◆ Exercise instructions: Exact transcription begins at the first line of the material below and ends with the line holding "这个概念理清楚以后,我们在来"; pictures are skipped.

◆ Data excerpt:
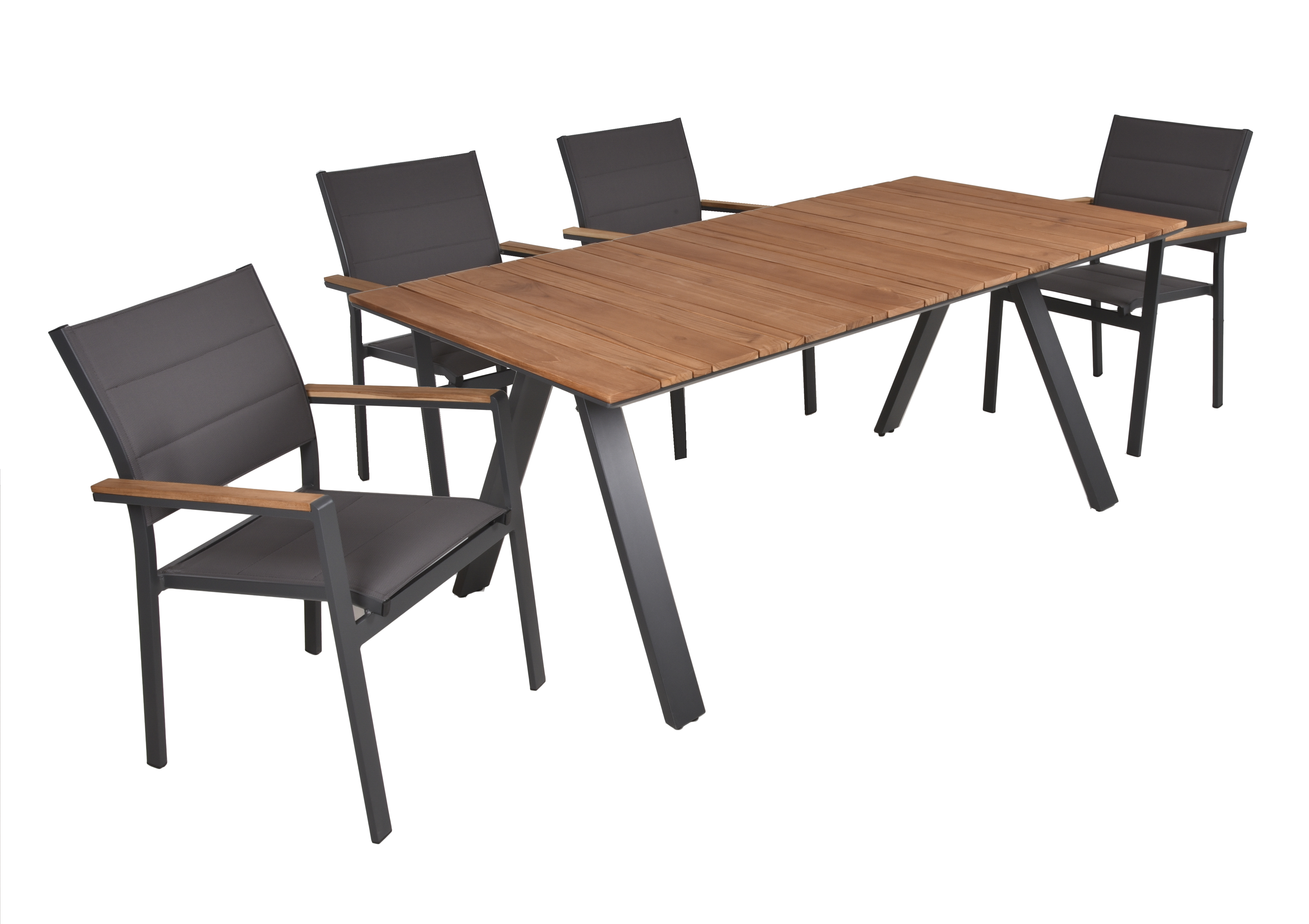 Die Stapelstühle DAVINA bestehen aus anthrazitfarbenem Aluminium, dunkelgrauem Kunststoffgewebe und haben Armlehnen aus FSC-zertifiziertem hellbraunem Teakholz, was ihnen eine stilvolle und langlebige Ausstrahlung verleiht.
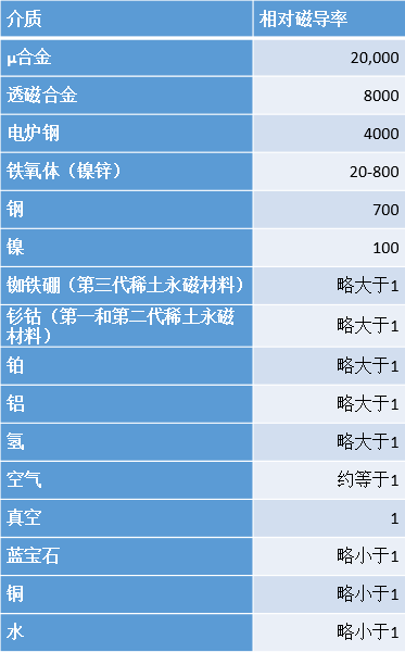 这个概念理清楚以后,我们在来看另外一个概念,就是磁导率,磁导率反应的是一个材料的导磁性能,通过下表可见,其实大量使用的稀土永磁材料,虽然有很大的磁能积和矫顽力,其磁导率与空气比较接近而不是与铁磁材料接近。
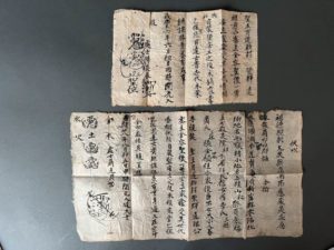 CHINE 2 manuscrits, région du Hunan, fin XIXe - début XXe. 2 pp. in-8. Deux formules incantatoires sans doute taoïstes pour des personnes dont le nom est difficile à lire, émanant du grand royaume des Qing, dernière dynastie chinoise.

◆ Written solution:
 Die Stapelstühle DAVINA bestehen aus anthrazitfarbenem Aluminium, dunkelgrauem Kunststoffgewebe und haben Armlehnen aus FSC-zertifiziertem hellbraunem Teakholz, was ihnen eine stilvolle und langlebige Ausstrahlung verleiht.
 这个概念理清楚以后,我们在来看另外一个概念,就是磁导率,磁导率反应的是一个材料的导磁性能,通过下表可见,其实大量使用的稀土永磁材料,虽然有很大的磁能积和矫顽力,其磁导率与空气比较接近而不是与铁磁材料接近。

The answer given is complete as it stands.